Tuesday’s hearing came in response to what Gimenez called a “security breach” when the State Department and TSA hosted Cuban agents for a May 20 tour of Miami International Airport. They reportedly did not coordinate with or notify the airport authority, state and local officials, Congress, or senior TSA leaders such as Administrator David Pekoske about the visit.
Gimenez pointed to the date of the tour, Cuban Independence Day, and said, “I don’t consider that to be coincidental” and that holding the visit in Miami, which has a large Cuban population, “was really kind of slap in the face of the Cuban community there, and we took it as such.”

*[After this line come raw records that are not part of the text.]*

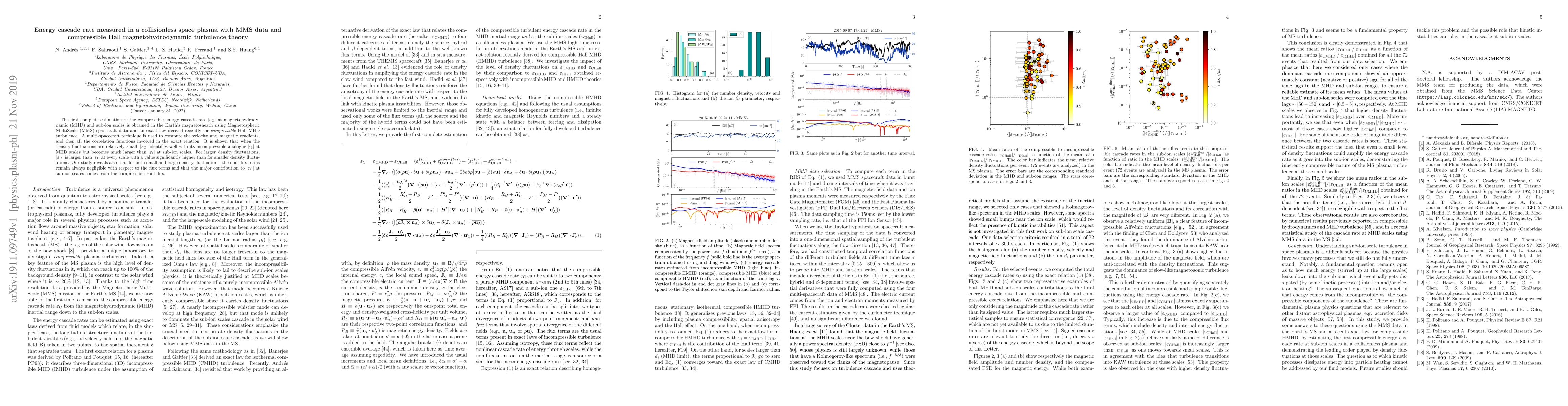 The first complete estimation of the compressible energy cascade rate $|\varepsilon_\text{C}|$ at magnetohydrodynamic (MHD) and sub-ion scales is obtained in the Earth's magnetosheath using Magnetospheric MultiScale (MMS) spacecraft data and an exact law derived recently for {\it compressible} Hall MHD turbulence. A multi-spacecraft technique is used to compute the velocity and magnetic gradients, and then all the correlation functions involved in the exact relation. It is shown that when the density fluctuations are relatively small, $|\varepsilon_\text{C}|$ identifies well with its incompressible analogue $|\varepsilon_\text{I}|$ at MHD scales but becomes much larger than $|\varepsilon_\text{I}|$ at sub-ion scales. For larger density fluctuations, $|\varepsilon_\text{C}|$ is larger than $|\varepsilon_\text{I}|$ at every scale with a value significantly higher than for smaller density fluctuations. Our study reveals also that for both small and large density fluctuations, the non-flux terms remain always negligible with respect to the flux terms and that the major contribution to $|\varepsilon_\text{C}|$ at sub-ion scales comes from the compressible Hall flux.
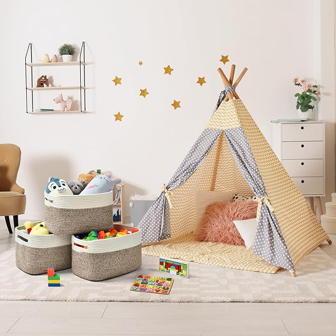 Storage Basket,Woven Baskets for Storage,Cotton Rope Baskets for Organizing,book Basket,towel,Toy Basket or Storage Bins for Living Room - 3 Pack,Brown
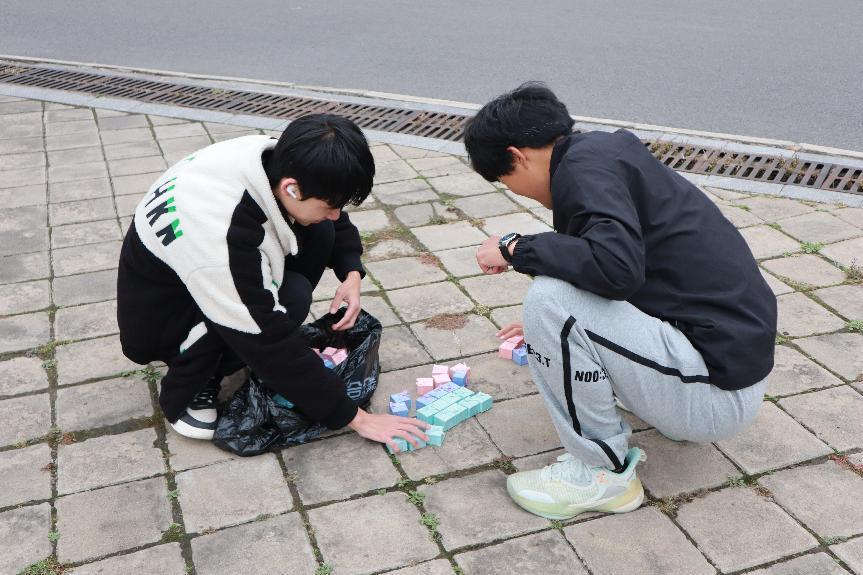 心理辅导站工作人员提前征集并准备了写有鼓励话语的纸条、快乐的事和序号(部分),激励同学们积极正向思考;然后由工作人员将纸条分别装入盲盒并提前藏于仰山广场附近。活动过程中,学生们都积极参与其中。当找到盲盒后同学们开心的分享盲盒中的“喜悦”,现场气氛融洽和谐,整个游戏的开展,规范合理,达到了预期目标,同时也缓解了同学们的焦虑,使长时间感觉身心疲惫的同学释放了积压已久的压力。最后,寻盲盒活动结束后,同学们回到了兑奖处进行集体合照留念,通过心灵的碰撞,同学们不仅扫去了心中的阴霾,更在校园中传递了温暖与力量。

“Maybe the people from TSA didn’t know what it meant,” he said. “But the Cuban officials who were visiting, they knew what it meant, and so they did it gladly on that day. I wonder who set it up [for] that day. Was it us or was it them?”
Gimenez introduced a bipartisan bill after the May 20 visit to prevent agents from state sponsors of terrorism from gaining access to TSA facilities at American airports, called the Secure Airports From Enemies Act.
Co-signed by Sen. Marco Rubio (R-FL) and Reps. Mario Diaz-Balart (R-FL), Maria Elvira Salazar (R-FL), Debbie Wasserman Schultz (D-FL), and Jared Moskowitz (D-FL), the bill would bar people representing or acting on behalf of countries on the State Department’s list of state sponsors of terrorism from the secured area of an airport, the security identification display area of an airport, the sterile area of an airport, and the air cargo area of an airport.
CLICK HERE TO READ MORE FROM THE WASHINGTON EXAMINER
“I don’t know what the president is going to do,” Gimenez said of the bill. “I don’t know what the Senate is going to do, but I’m pretty sure we’re going to pass it here [in the House].”
The Washington Examiner reached out to DHS for comment.